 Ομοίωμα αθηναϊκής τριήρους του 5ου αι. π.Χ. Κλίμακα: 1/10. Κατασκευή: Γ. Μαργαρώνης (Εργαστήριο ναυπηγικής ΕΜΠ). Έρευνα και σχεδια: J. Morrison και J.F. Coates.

·····

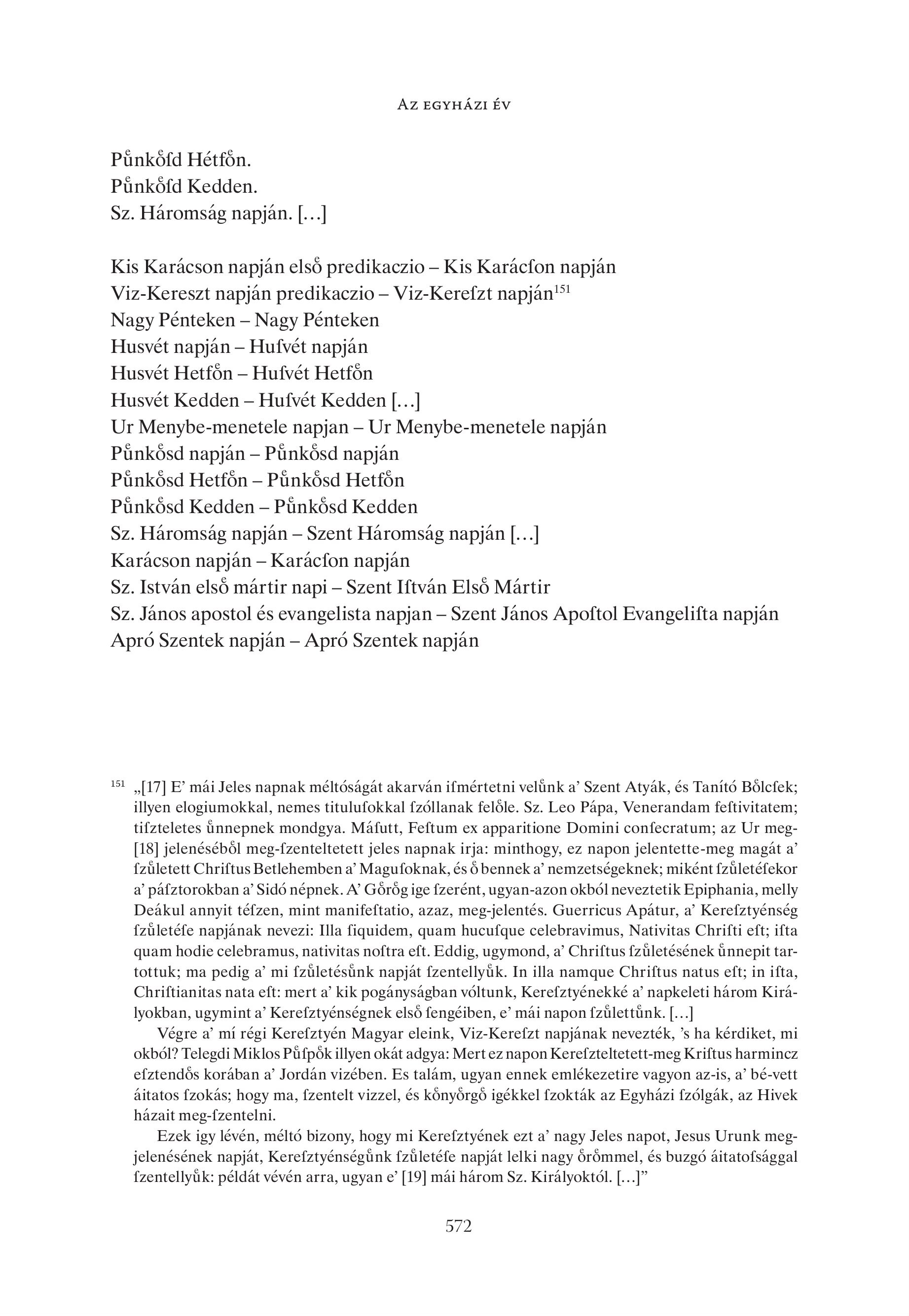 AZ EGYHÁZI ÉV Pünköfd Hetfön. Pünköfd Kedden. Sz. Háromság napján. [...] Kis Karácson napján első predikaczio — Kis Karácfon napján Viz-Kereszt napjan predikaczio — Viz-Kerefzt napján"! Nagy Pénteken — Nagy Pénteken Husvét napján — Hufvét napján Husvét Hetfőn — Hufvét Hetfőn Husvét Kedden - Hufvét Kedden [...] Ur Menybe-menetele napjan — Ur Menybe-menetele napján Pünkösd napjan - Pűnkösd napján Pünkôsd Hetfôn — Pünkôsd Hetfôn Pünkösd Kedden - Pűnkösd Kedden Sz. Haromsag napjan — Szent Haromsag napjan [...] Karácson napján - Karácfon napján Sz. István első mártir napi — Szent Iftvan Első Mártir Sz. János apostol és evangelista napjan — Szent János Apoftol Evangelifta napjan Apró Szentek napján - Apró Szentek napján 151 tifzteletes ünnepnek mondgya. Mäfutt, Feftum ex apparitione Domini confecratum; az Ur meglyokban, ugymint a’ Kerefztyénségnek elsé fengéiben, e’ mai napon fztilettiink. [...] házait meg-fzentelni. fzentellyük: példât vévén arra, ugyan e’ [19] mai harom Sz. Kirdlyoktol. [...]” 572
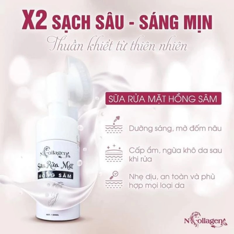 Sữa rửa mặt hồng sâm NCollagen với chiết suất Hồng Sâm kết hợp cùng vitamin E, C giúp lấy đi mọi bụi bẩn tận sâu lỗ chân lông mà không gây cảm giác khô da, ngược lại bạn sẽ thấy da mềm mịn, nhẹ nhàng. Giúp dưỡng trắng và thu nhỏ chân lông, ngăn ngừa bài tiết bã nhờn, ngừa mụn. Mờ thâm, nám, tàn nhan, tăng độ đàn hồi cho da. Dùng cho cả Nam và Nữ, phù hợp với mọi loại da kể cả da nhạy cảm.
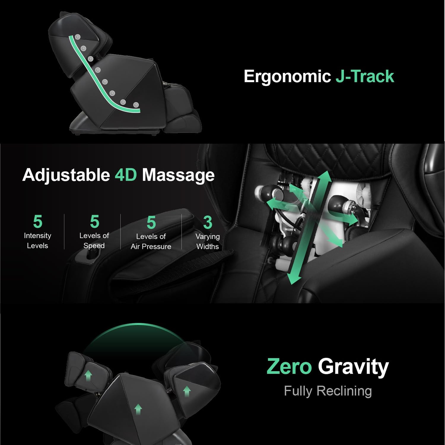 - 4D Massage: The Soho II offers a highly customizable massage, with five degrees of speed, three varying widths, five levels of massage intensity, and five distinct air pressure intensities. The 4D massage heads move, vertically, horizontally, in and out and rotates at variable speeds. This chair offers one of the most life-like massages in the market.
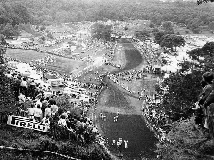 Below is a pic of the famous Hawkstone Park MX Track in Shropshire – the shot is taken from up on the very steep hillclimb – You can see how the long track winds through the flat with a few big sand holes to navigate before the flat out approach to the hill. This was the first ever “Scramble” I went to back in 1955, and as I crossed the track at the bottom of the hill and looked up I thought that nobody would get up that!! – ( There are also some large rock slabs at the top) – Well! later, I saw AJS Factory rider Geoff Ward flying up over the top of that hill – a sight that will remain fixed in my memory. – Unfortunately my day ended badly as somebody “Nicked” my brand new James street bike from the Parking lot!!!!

·····

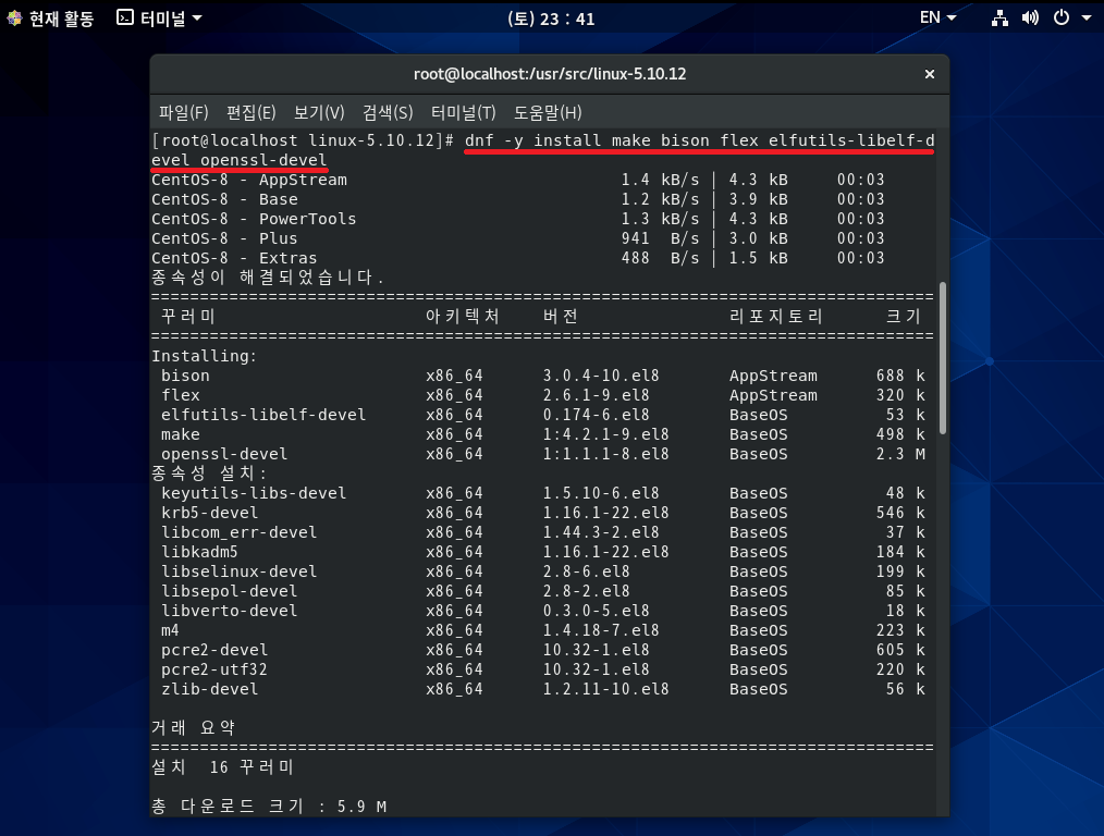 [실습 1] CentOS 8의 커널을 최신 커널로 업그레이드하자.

·····

TO DO: Using the data above, transcribe exactly the lines between those containing "Sữa rửa mặt" and "- 4D Massage: The", inclusive, and leave every picture behind.

TASK ANSWER:
 Sữa rửa mặt hồng sâm NCollagen với chiết suất Hồng Sâm kết hợp cùng vitamin E, C giúp lấy đi mọi bụi bẩn tận sâu lỗ chân lông mà không gây cảm giác khô da, ngược lại bạn sẽ thấy da mềm mịn, nhẹ nhàng. Giúp dưỡng trắng và thu nhỏ chân lông, ngăn ngừa bài tiết bã nhờn, ngừa mụn. Mờ thâm, nám, tàn nhan, tăng độ đàn hồi cho da. Dùng cho cả Nam và Nữ, phù hợp với mọi loại da kể cả da nhạy cảm.
 - 4D Massage: The Soho II offers a highly customizable massage, with five degrees of speed, three varying widths, five levels of massage intensity, and five distinct air pressure intensities. The 4D massage heads move, vertically, horizontally, in and out and rotates at variable speeds. This chair offers one of the most life-like massages in the market.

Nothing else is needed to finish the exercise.